PROBLEM TO SOLVE => From the entries below, please output exactly the lines starting at the one containing "Step into the" and ending at the one containing "source on the", both included.

RECORD EXCERPTS =>
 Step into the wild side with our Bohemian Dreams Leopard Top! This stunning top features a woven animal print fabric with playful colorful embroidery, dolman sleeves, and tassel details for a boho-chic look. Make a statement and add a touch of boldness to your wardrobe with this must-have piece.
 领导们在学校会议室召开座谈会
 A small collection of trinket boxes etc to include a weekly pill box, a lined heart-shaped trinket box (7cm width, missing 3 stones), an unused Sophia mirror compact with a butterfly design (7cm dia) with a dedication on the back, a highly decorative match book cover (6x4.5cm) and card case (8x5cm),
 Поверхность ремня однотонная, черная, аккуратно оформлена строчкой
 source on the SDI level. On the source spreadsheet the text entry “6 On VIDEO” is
...
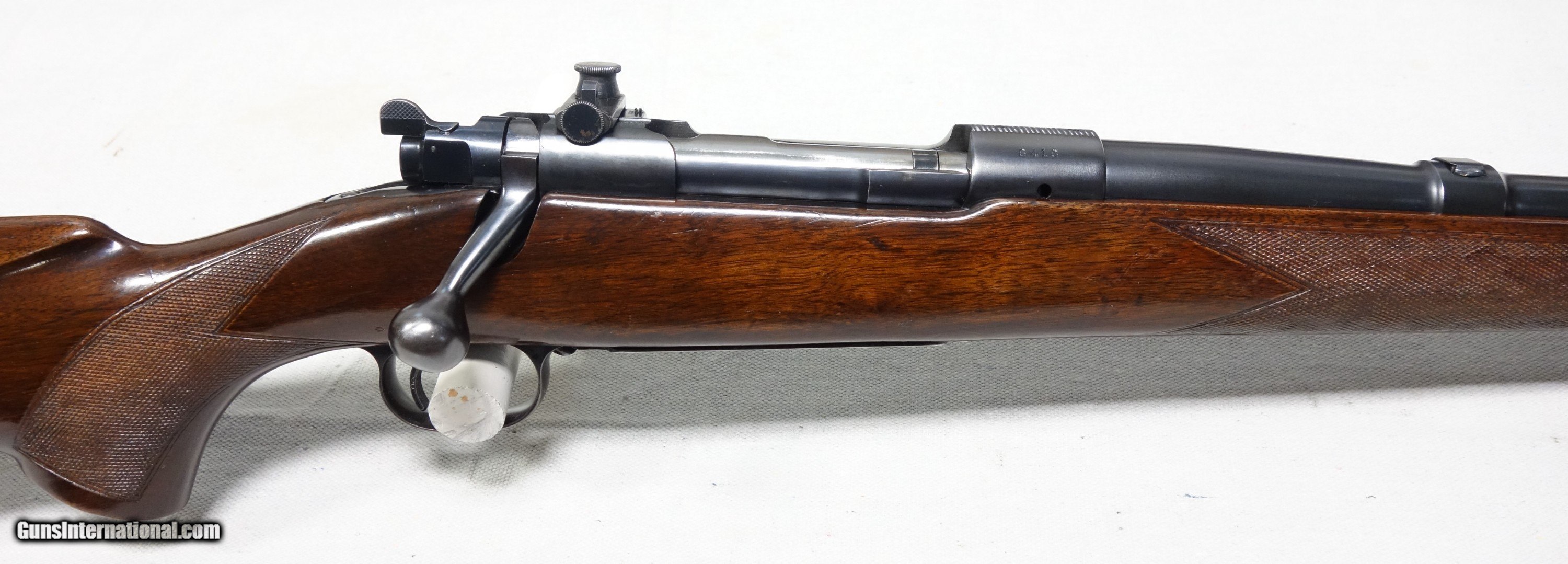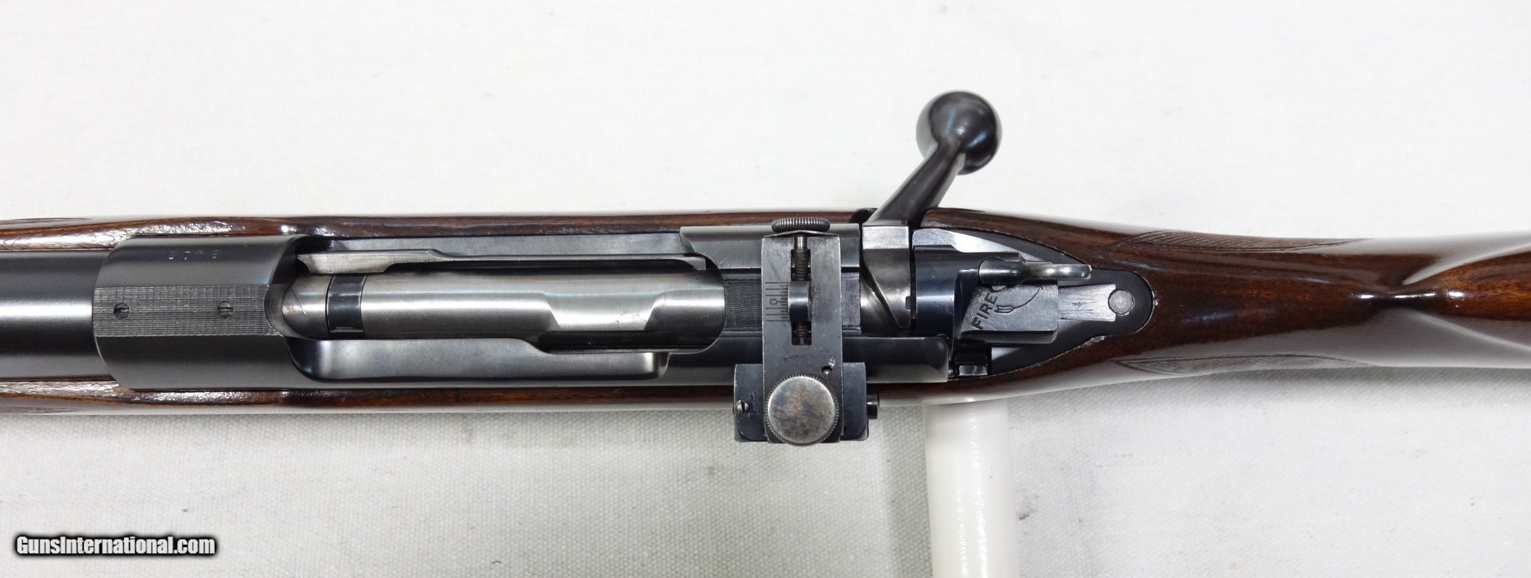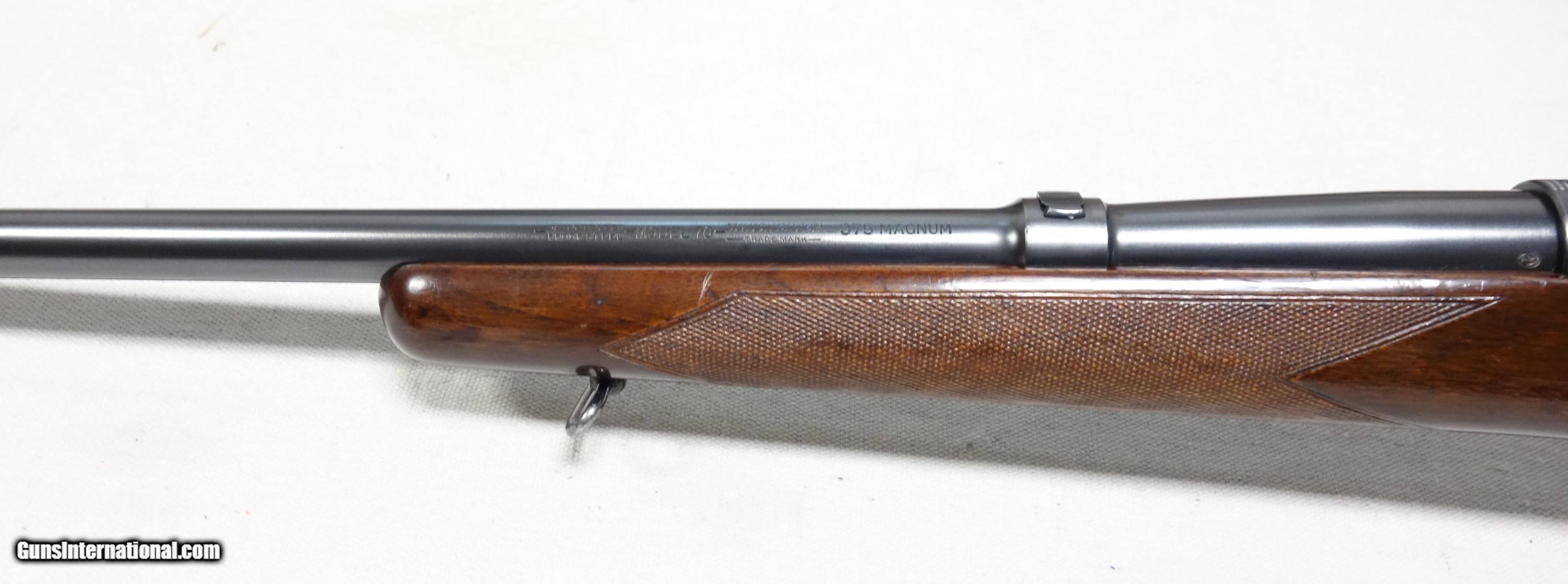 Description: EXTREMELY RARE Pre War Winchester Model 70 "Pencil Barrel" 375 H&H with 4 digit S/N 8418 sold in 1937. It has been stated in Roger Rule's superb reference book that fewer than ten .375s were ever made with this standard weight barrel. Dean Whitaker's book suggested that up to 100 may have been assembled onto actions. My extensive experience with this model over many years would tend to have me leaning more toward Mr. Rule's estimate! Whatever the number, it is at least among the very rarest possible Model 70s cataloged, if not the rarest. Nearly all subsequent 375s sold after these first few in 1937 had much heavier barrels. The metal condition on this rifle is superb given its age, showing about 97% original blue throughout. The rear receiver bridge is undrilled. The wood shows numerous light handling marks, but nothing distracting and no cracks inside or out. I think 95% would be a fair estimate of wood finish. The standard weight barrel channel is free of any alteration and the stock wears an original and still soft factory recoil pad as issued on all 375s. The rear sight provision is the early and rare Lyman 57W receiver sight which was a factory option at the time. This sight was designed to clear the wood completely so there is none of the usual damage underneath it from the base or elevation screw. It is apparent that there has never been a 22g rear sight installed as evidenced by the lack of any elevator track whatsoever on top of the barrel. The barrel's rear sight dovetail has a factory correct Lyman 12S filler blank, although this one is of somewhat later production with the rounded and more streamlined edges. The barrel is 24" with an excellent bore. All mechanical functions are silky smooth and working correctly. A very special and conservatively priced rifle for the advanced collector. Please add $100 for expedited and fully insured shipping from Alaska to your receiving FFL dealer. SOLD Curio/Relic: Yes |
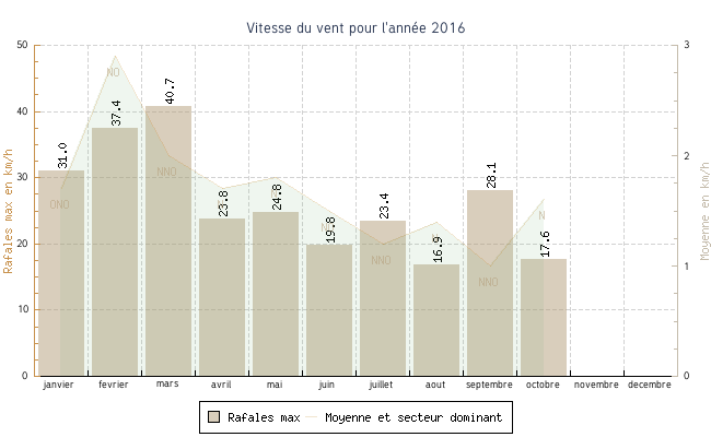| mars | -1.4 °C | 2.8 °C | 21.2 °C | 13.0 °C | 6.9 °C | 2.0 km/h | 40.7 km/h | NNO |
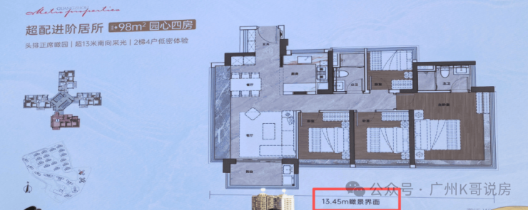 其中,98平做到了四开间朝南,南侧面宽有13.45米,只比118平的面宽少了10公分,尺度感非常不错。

OUTPUT BELOW =>
 Step into the wild side with our Bohemian Dreams Leopard Top! This stunning top features a woven animal print fabric with playful colorful embroidery, dolman sleeves, and tassel details for a boho-chic look. Make a statement and add a touch of boldness to your wardrobe with this must-have piece.
 领导们在学校会议室召开座谈会
 A small collection of trinket boxes etc to include a weekly pill box, a lined heart-shaped trinket box (7cm width, missing 3 stones), an unused Sophia mirror compact with a butterfly design (7cm dia) with a dedication on the back, a highly decorative match book cover (6x4.5cm) and card case (8x5cm),
 Поверхность ремня однотонная, черная, аккуратно оформлена строчкой
 source on the SDI level. On the source spreadsheet the text entry “6 On VIDEO” is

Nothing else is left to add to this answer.